Gohil added that while on the one hand it’s hard for organisations to argue ignorance of the UK’s laws on digital tracking given they are now 20 years old, the readily available nature of today’s tracking tools – “which is simply copying a piece of code and placing it into your website” – means they get overlooked, especially by organisations like charities that are generally already strapped for resources.

“I visit many organisations and part of my overall audit would be to assess their website and their use of cookies,” he said. “And whilst I can say, ‘You’re non-compliant in this area’, having the legal [and] technical expertise to remove these cookies and set them up correctly is a resource that many charities probably don’t have.

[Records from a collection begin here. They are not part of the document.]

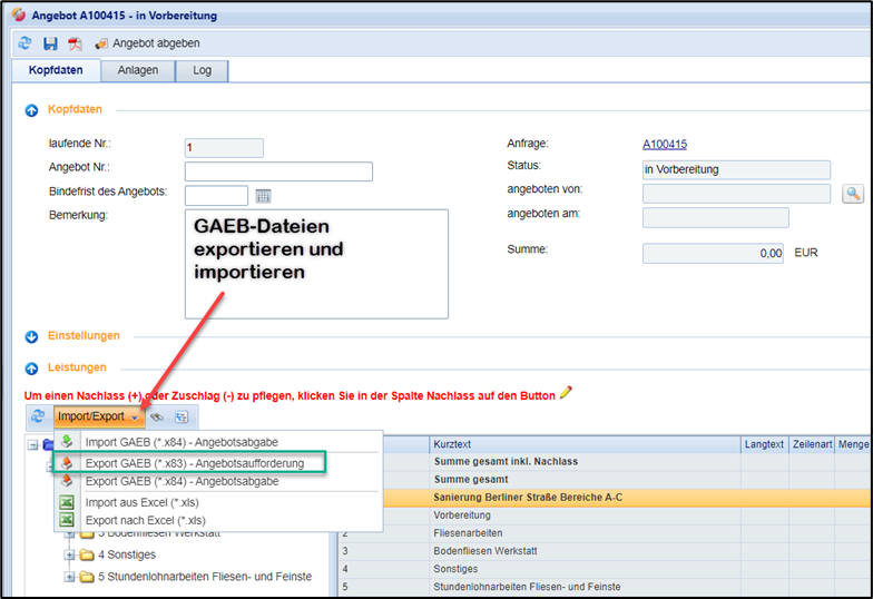 Leistungsverzeichnis als GAEB DA83-Datei exportieren und Angebotspreise per DA84-Datei importieren
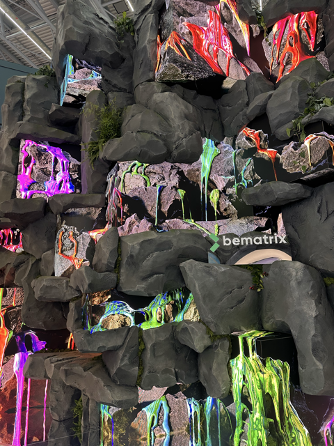 Durante a EuroShop, a diretora da GDR analisou diferentes soluções voltadas à criação de experiências no varejo. Entre os exemplos destacados está o estande da empresa BeMatrix, que utilizou uma grande estrutura cenográfica com uma montanha artificial, cascata de LED e um túnel iluminado. A instalação foi criada para eventos e exposições, mas, segundo Wilkinson, levanta questionamentos sobre o nível de impacto visual adotado em muitas lojas.
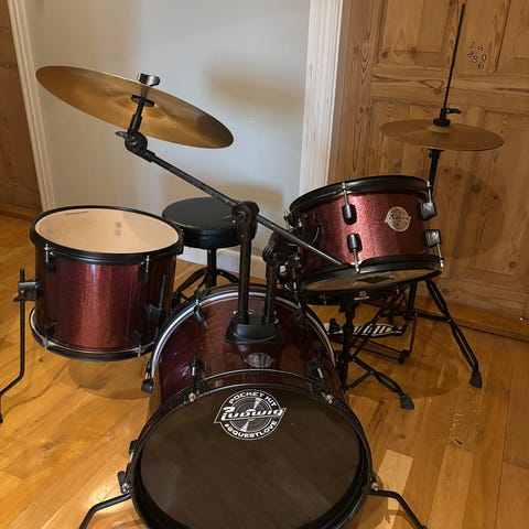 Ludwig Pocket Kit. Et virkelig godt junior-trommesæt med næsten nye remo-skind på tammerne. Det lyder godt og står virkelig flot med red sparkle og solide sortmalede stativer.
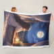 This serene illustration captures a quiet, introspective moment as a young girl gazes out of her window at the luminous full moon. The soft glow of moonlight fills the night sky, casting a calming blue hue over the distant hills and the warmly lit village below, creating a beautiful contrast between solitude and life.
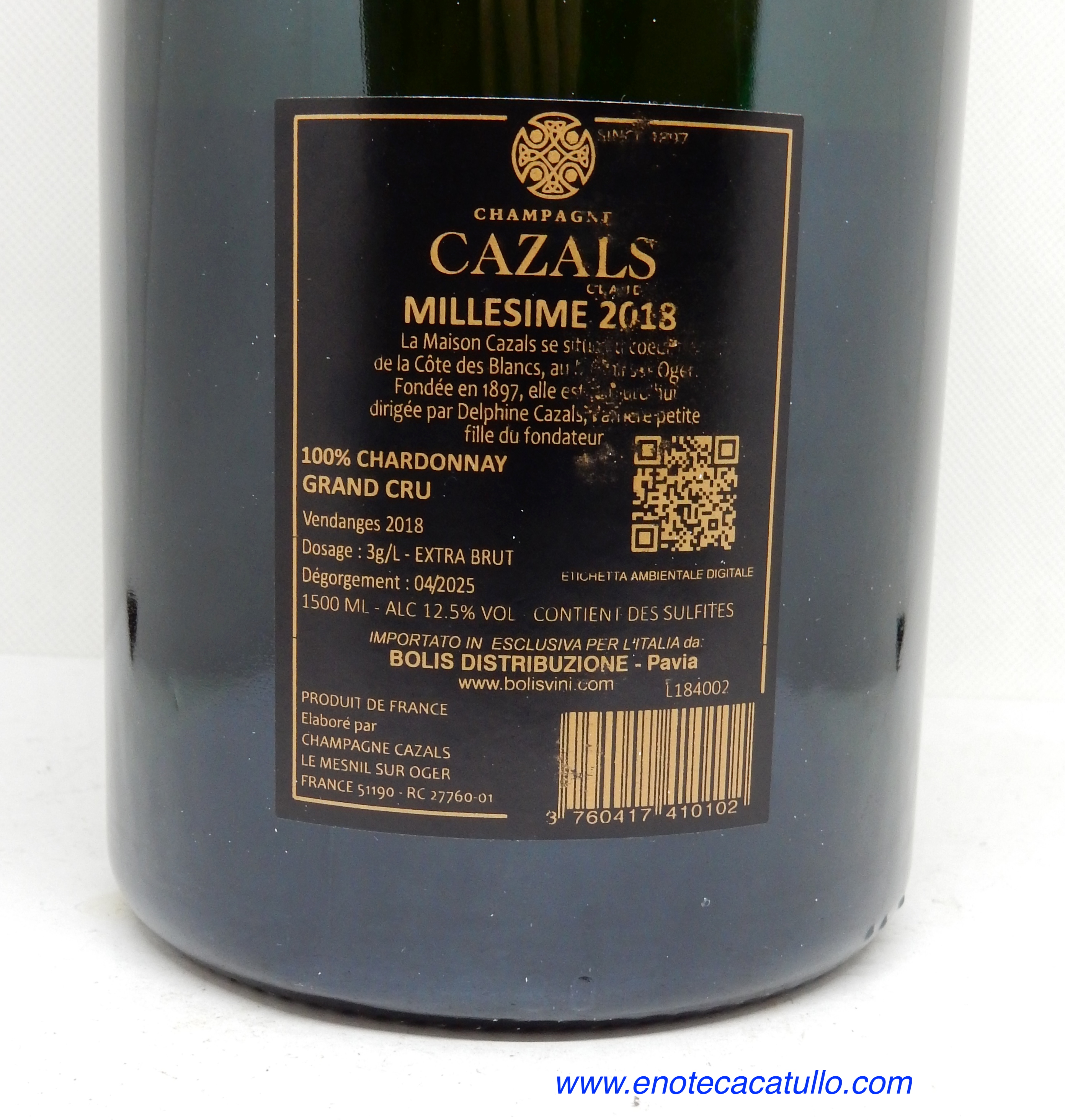 CHAMPAGNE CAZALS CLAUDE BLANC DE BLANCS EXTRA BRUT GRAND CRU MILLESIME 2018 MAGNUM

“I see this a lot in SMEs and in small charities who genuinely want to do good things, but they’ve got much bigger problems – they’ve got no IT provider, shadow IT, volunteers managing the data and doing work, so there’s a balance.”

The role of big tech

For delli Santi, the root cause of pervasive behavioural tracking online is the structure of today’s internet platforms and their market dominance.

Noting that a lot of today’s web development relies on the use of plugins and tools that have been “pre-compiled” by big tech advertisers to extract and share people’s data, delli Santi said the standard inclusion of tracking tech by these firms acts as a way of reinforcing their market dominance, as it essentially brings more and more data into their orbit without them having to do anything.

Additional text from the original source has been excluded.